> **Task details**: For this listing, reproduce the line with "ഇന്നലെ വൈകിട്ട് നാലുമണിയോടെ", the line with "Việt Nam xếp", and the lines between, exactly as they stand. Leave out pictures and all other lines.

> **Input**:
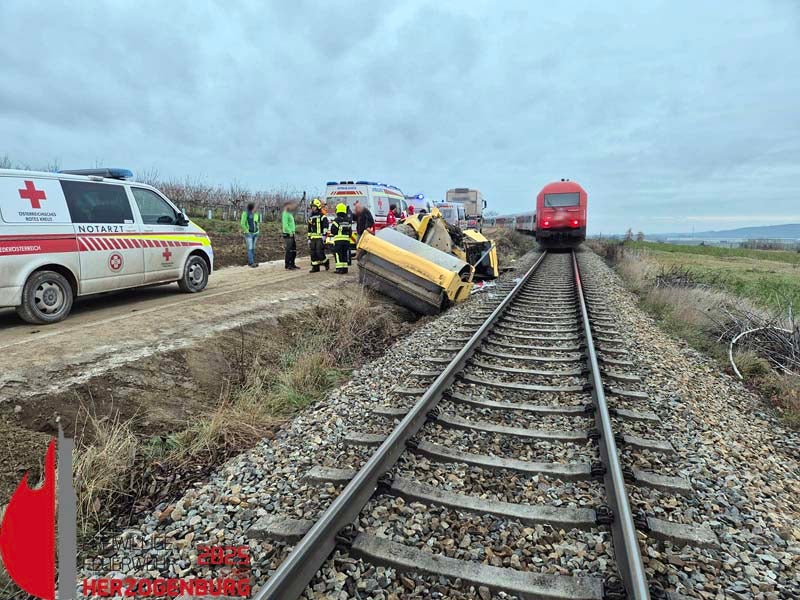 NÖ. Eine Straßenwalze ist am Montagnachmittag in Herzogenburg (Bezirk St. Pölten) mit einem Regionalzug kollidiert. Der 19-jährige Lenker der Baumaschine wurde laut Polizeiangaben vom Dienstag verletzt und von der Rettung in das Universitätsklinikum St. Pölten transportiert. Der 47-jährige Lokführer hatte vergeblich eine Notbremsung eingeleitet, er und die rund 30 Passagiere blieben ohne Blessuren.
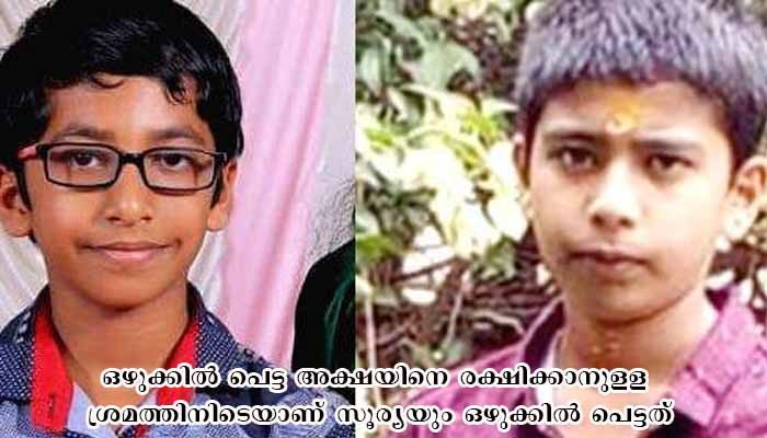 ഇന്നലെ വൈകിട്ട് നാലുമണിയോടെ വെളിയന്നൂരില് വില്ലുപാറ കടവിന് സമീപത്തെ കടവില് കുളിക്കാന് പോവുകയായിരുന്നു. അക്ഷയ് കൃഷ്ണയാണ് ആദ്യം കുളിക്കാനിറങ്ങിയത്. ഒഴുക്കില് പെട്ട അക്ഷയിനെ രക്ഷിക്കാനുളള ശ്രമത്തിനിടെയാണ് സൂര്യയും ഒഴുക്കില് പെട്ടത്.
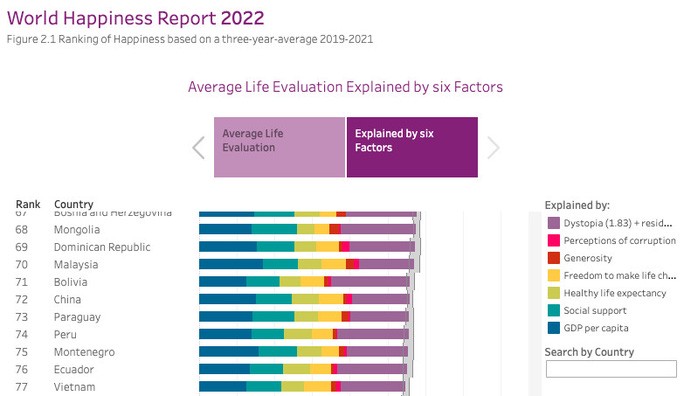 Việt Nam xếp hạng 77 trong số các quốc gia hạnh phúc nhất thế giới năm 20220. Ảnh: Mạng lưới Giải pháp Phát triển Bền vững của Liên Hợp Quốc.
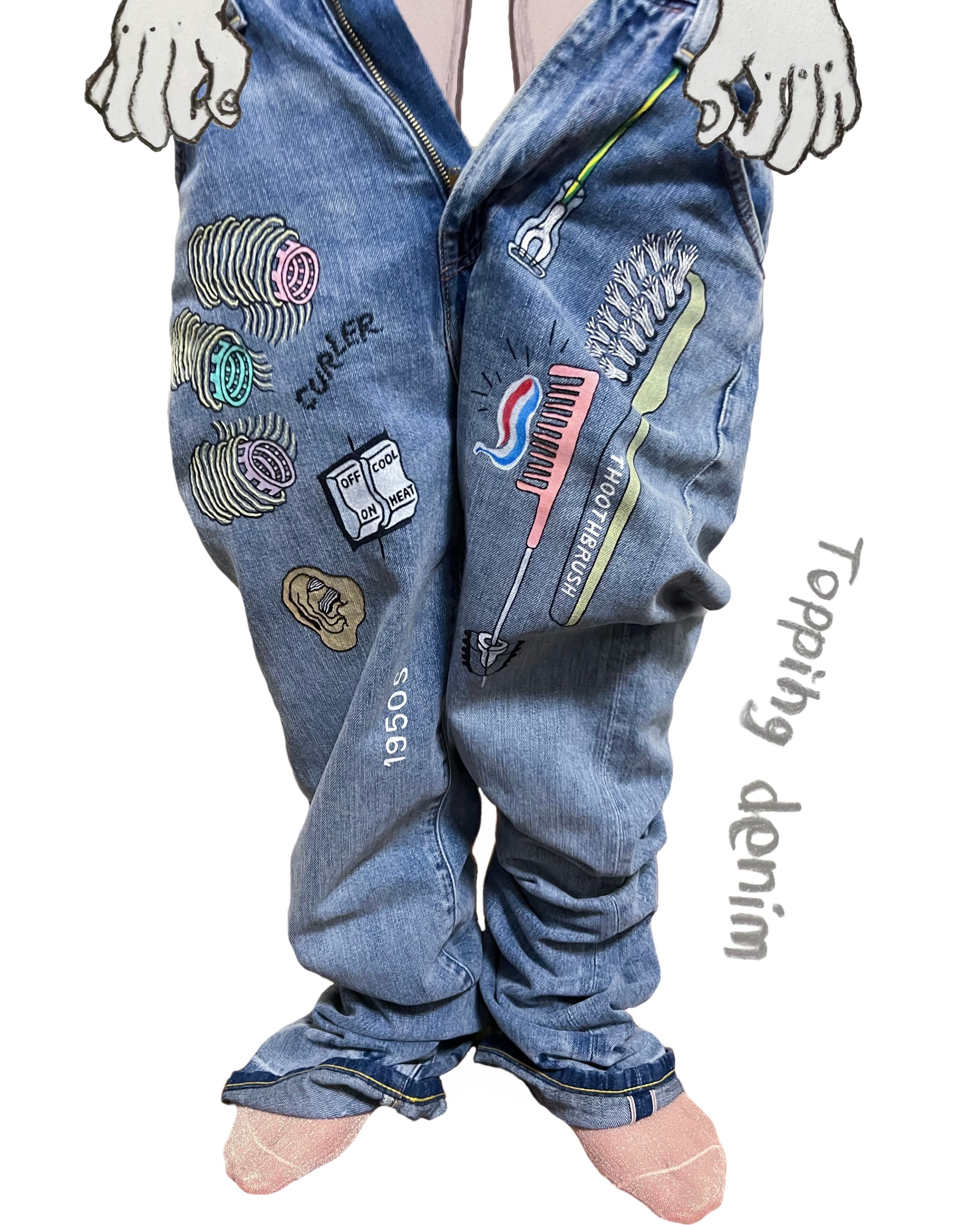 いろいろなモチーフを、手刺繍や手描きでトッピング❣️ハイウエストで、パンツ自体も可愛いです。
==
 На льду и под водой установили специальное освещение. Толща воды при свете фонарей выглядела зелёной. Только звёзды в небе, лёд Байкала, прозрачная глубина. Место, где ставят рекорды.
...
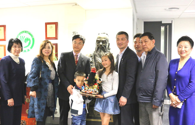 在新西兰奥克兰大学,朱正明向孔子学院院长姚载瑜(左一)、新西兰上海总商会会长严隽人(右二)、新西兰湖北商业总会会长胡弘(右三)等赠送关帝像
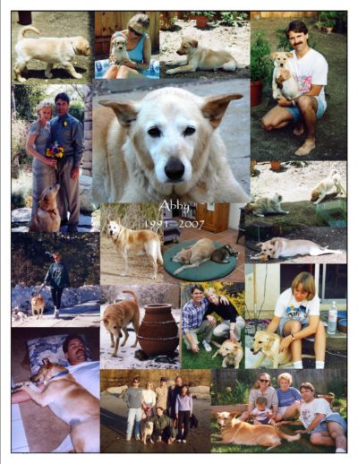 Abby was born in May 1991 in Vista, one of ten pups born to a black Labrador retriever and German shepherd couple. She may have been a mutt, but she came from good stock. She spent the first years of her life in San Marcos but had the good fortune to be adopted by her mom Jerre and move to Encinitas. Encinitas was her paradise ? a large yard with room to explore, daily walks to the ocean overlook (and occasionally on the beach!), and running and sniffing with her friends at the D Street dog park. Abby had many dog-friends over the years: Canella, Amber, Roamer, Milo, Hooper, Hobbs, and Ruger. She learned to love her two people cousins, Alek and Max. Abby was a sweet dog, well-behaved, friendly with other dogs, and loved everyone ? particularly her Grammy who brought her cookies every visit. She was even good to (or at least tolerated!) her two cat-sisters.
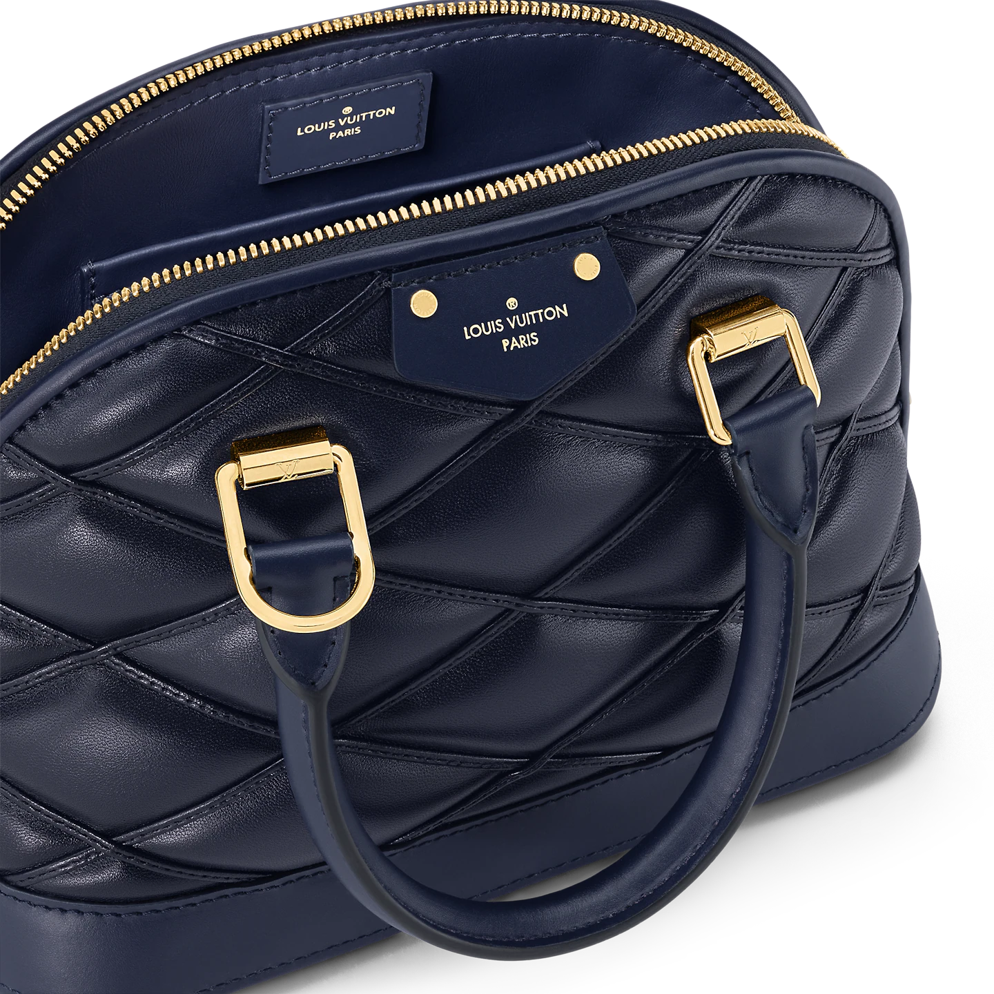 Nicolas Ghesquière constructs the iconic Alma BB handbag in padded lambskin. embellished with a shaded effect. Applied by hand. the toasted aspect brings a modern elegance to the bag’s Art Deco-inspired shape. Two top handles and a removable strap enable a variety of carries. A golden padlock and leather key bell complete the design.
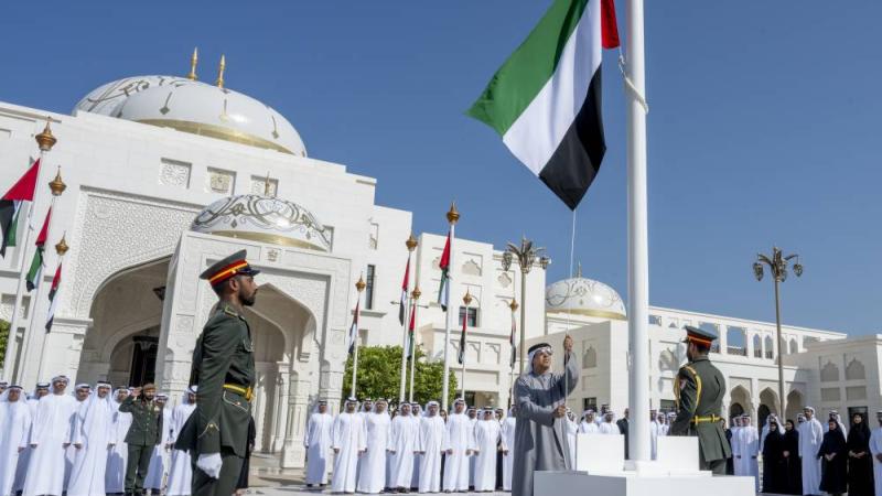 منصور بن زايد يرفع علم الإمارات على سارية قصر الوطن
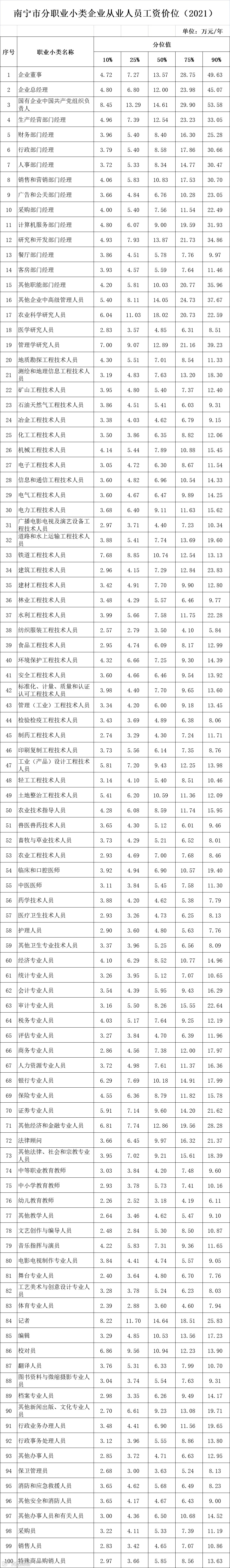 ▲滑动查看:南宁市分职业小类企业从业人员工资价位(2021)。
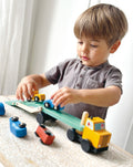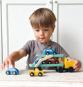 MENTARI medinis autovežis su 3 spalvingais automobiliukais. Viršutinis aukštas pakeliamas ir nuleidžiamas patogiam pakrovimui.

> **Solution for this problem**:
 ഇന്നലെ വൈകിട്ട് നാലുമണിയോടെ വെളിയന്നൂരില് വില്ലുപാറ കടവിന് സമീപത്തെ കടവില് കുളിക്കാന് പോവുകയായിരുന്നു. അക്ഷയ് കൃഷ്ണയാണ് ആദ്യം കുളിക്കാനിറങ്ങിയത്. ഒഴുക്കില് പെട്ട അക്ഷയിനെ രക്ഷിക്കാനുളള ശ്രമത്തിനിടെയാണ് സൂര്യയും ഒഴുക്കില് പെട്ടത്.
 Việt Nam xếp hạng 77 trong số các quốc gia hạnh phúc nhất thế giới năm 20220. Ảnh: Mạng lưới Giải pháp Phát triển Bền vững của Liên Hợp Quốc.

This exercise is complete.